--- INFORMATION ---

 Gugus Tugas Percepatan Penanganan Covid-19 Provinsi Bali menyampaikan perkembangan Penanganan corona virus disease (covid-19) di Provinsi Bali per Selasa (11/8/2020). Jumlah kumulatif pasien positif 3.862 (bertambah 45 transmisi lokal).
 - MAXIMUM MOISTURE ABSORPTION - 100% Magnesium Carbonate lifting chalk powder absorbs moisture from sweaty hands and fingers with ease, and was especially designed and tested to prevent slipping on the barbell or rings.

* * *

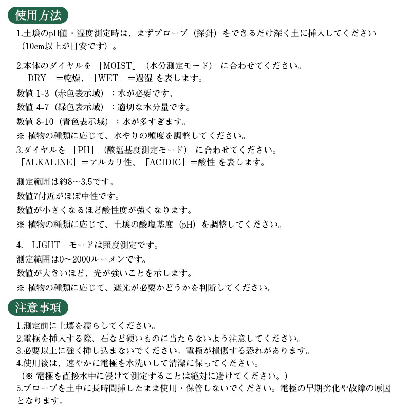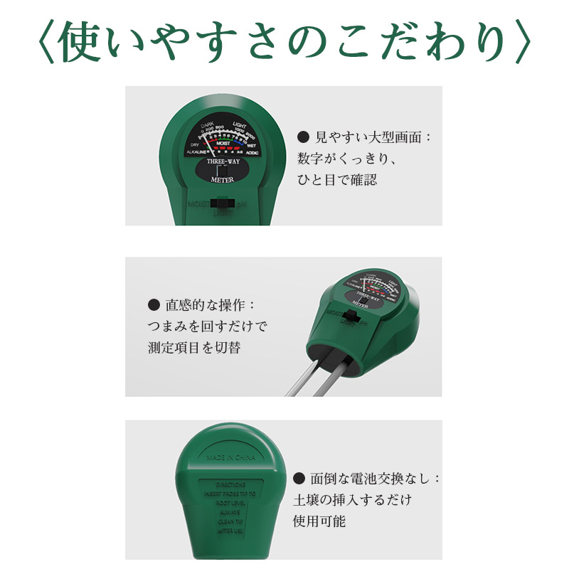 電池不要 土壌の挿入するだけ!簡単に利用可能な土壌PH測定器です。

--- ASSIGNMENT ---
Out of the entries above, write out only the lines between the line holding "Gugus Tugas Percepatan" and the line holding "- MAXIMUM MOISTURE", inclusive, each exactly as given.

--- WRITTEN SOLUTION ---
 Gugus Tugas Percepatan Penanganan Covid-19 Provinsi Bali menyampaikan perkembangan Penanganan corona virus disease (covid-19) di Provinsi Bali per Selasa (11/8/2020). Jumlah kumulatif pasien positif 3.862 (bertambah 45 transmisi lokal).
 - MAXIMUM MOISTURE ABSORPTION - 100% Magnesium Carbonate lifting chalk powder absorbs moisture from sweaty hands and fingers with ease, and was especially designed and tested to prevent slipping on the barbell or rings.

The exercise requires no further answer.